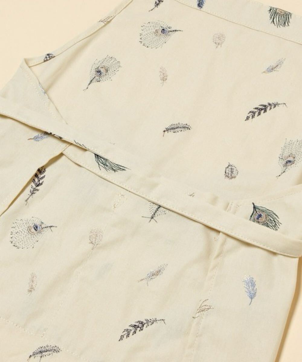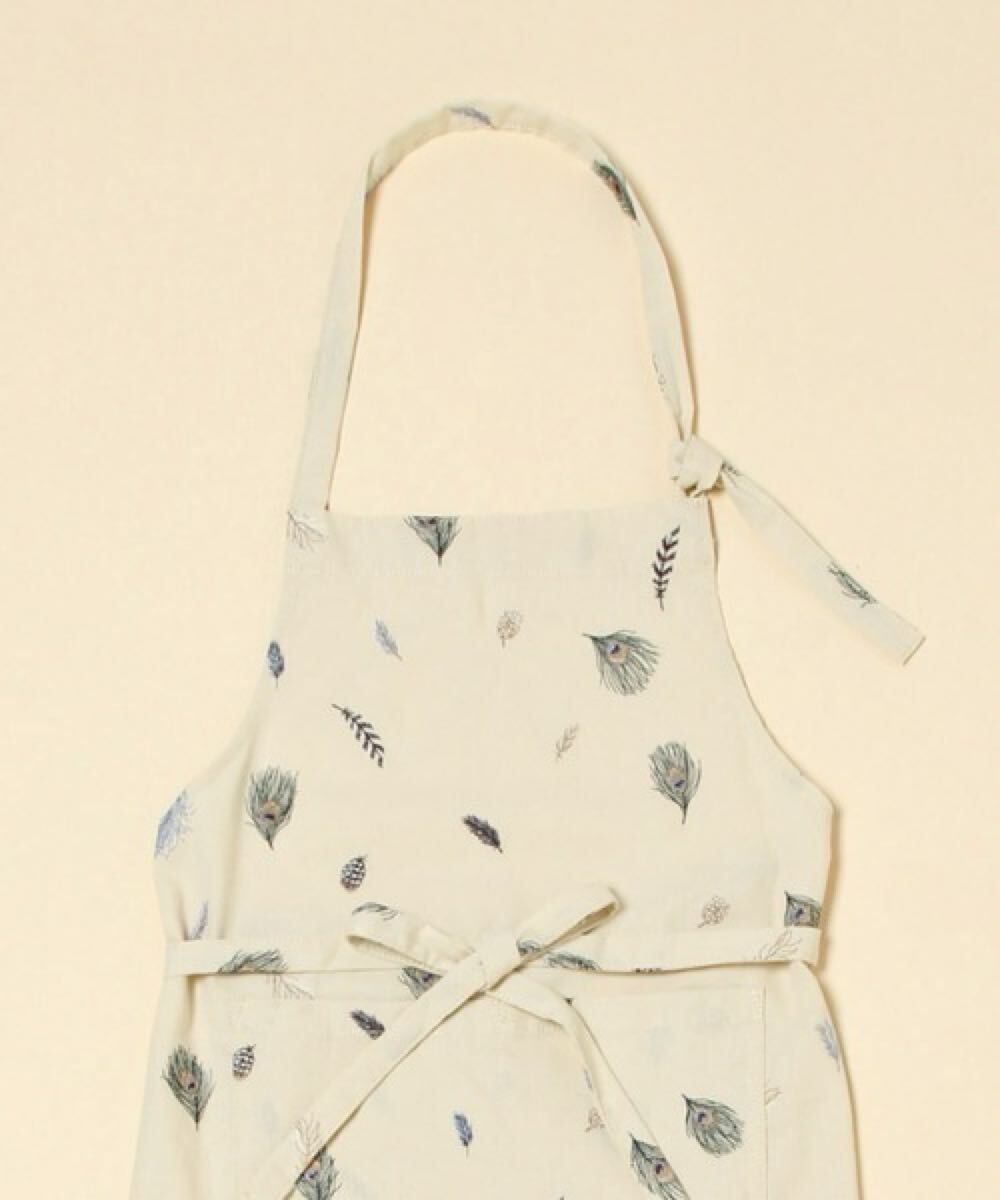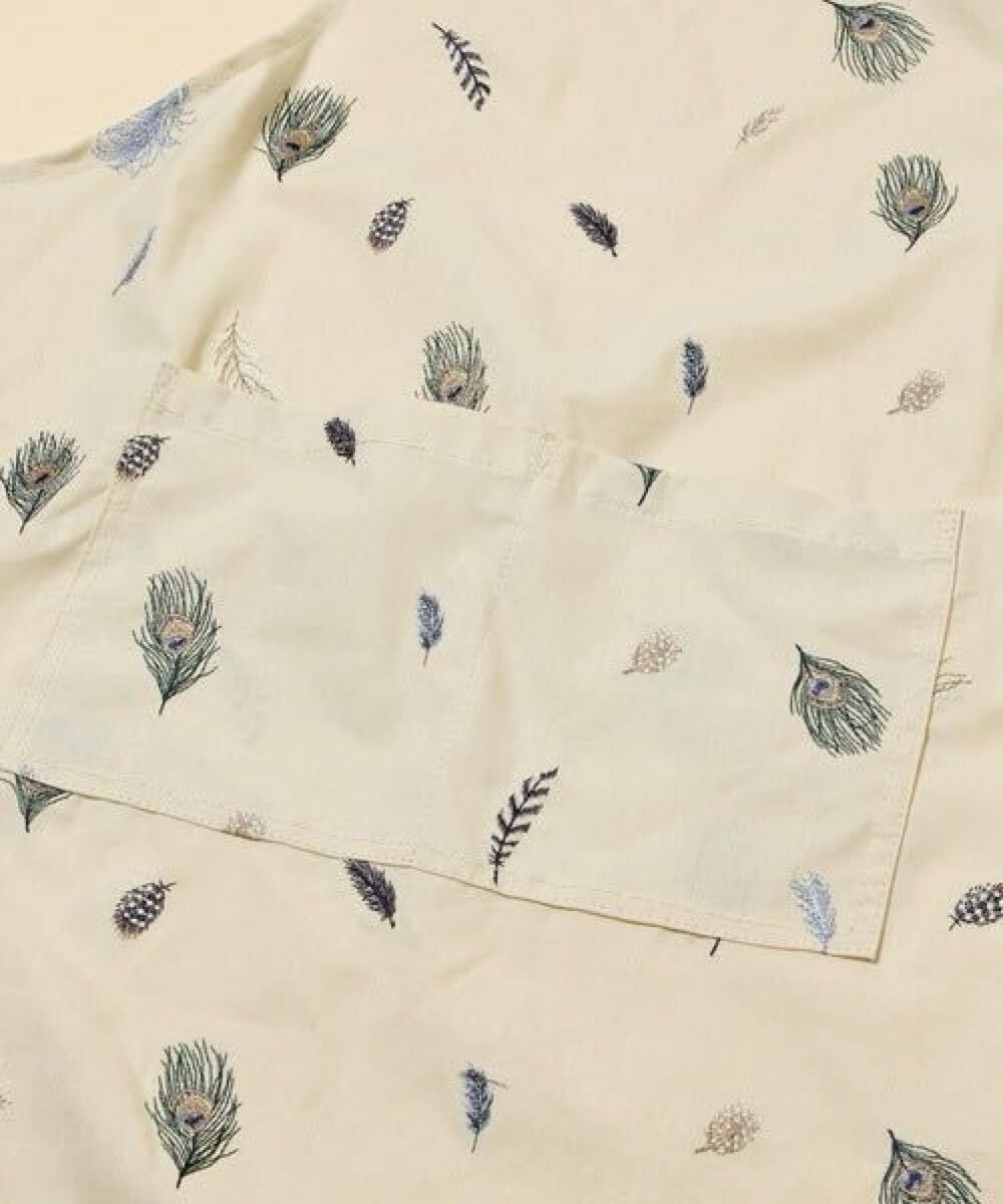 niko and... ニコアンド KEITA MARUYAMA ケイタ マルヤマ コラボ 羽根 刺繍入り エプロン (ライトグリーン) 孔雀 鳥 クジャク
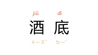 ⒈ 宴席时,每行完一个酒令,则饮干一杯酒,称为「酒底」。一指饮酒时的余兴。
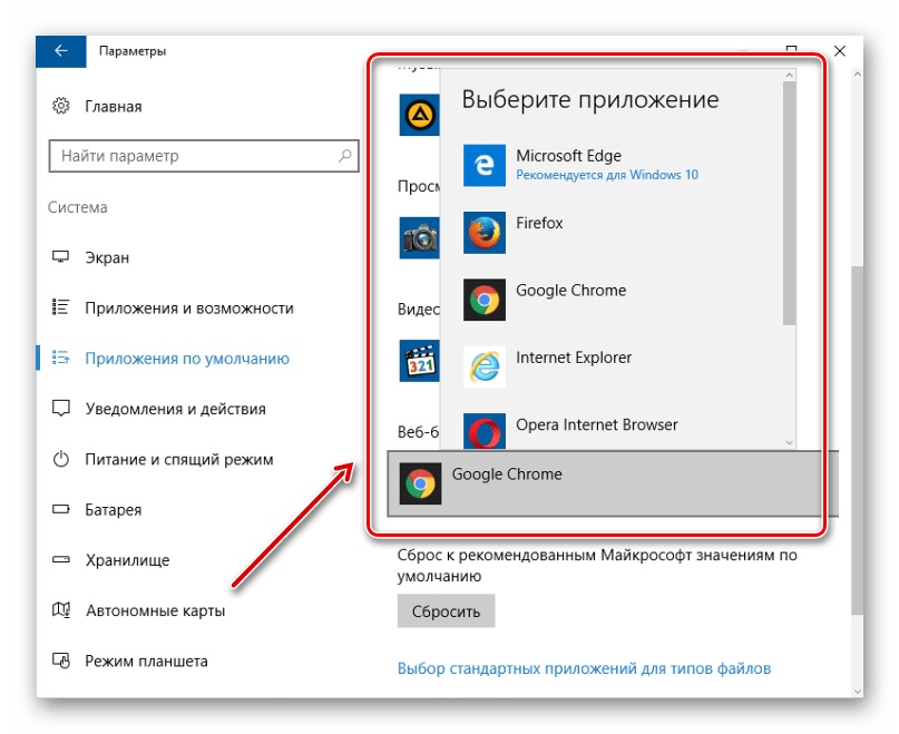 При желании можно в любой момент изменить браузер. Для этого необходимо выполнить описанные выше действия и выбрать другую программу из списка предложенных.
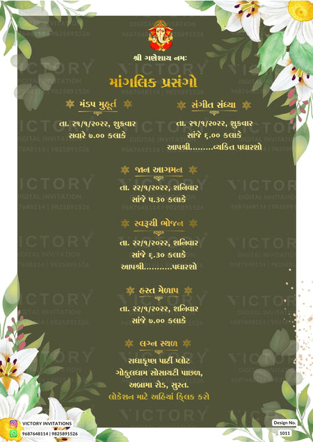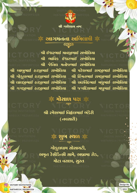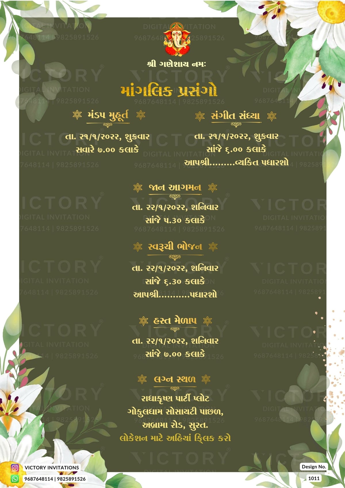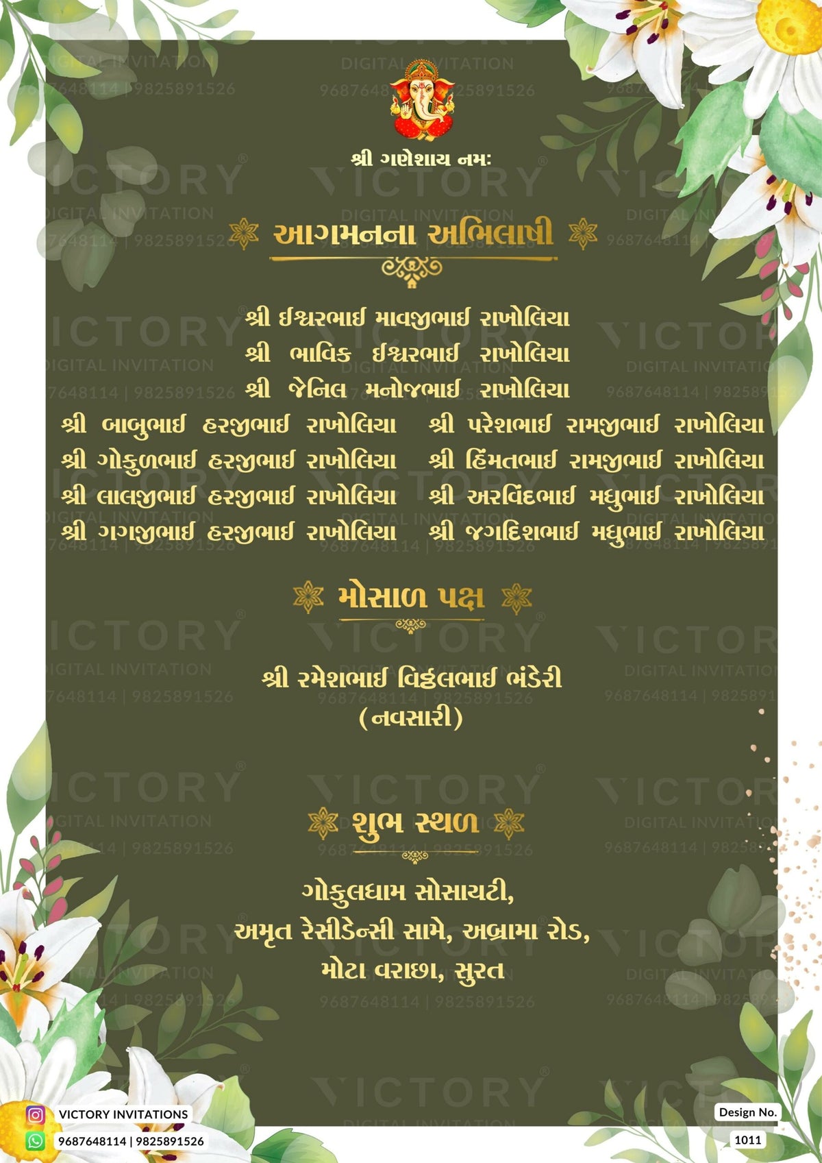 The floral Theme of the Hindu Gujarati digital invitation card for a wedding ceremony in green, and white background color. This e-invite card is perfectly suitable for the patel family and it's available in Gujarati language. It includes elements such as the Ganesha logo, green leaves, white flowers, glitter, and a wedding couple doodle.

* * *

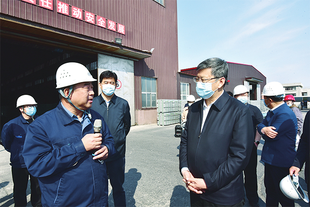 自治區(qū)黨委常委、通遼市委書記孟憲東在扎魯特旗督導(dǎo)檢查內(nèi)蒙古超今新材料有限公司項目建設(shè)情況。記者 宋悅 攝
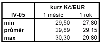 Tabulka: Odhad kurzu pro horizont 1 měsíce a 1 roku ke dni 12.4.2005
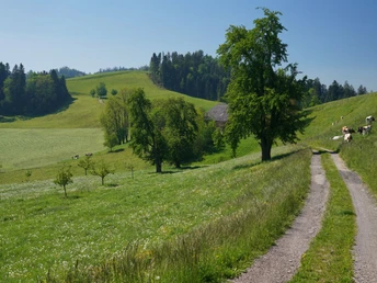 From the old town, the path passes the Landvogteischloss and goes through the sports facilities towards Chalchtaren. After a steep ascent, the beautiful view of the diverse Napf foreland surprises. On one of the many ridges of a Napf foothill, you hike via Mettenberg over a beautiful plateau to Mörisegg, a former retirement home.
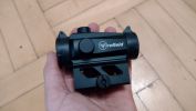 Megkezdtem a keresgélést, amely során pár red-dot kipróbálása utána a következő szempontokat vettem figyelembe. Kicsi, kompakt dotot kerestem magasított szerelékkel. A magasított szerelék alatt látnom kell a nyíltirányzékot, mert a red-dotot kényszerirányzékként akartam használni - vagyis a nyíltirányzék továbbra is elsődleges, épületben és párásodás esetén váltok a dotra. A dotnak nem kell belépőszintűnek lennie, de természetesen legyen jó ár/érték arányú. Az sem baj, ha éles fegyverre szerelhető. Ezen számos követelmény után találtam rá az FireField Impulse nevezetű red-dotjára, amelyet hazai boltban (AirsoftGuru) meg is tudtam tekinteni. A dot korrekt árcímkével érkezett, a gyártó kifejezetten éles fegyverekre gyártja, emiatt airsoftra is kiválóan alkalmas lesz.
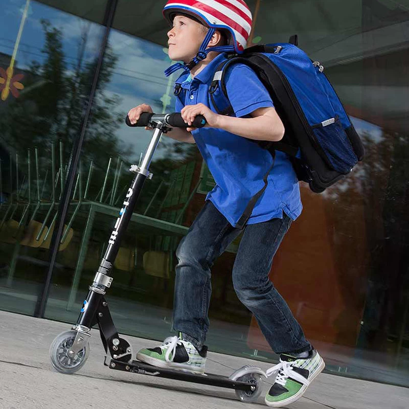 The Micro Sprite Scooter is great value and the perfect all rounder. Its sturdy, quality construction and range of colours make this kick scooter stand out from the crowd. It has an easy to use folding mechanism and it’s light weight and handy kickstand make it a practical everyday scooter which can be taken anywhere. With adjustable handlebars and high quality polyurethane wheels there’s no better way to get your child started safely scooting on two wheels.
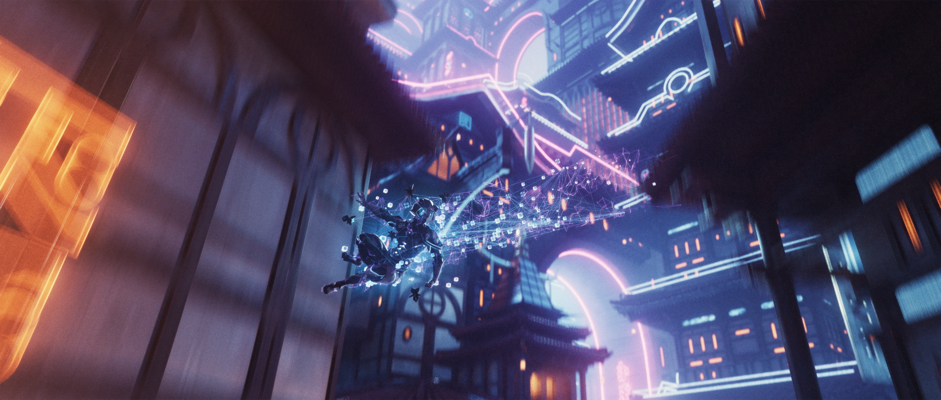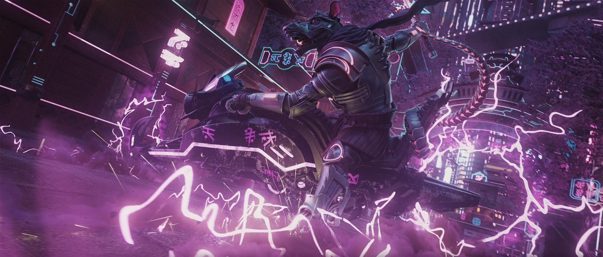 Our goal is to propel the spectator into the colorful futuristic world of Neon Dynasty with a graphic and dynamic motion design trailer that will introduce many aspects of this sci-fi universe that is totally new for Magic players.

- **AIM OF THE TASK**
Would you transcribe the lines above exactly, going from the line bearing "niko and... ニコアンド" through the line bearing "⒈ 宴席时,每行完一个酒令,则饮干一杯酒,称为「酒底」。一指饮酒时的余兴。", and drop the pictures from the copy?

- **EXERCISE ANSWER**
 niko and... ニコアンド KEITA MARUYAMA ケイタ マルヤマ コラボ 羽根 刺繍入り エプロン (ライトグリーン) 孔雀 鳥 クジャク
 ⒈ 宴席时,每行完一个酒令,则饮干一杯酒,称为「酒底」。一指饮酒时的余兴。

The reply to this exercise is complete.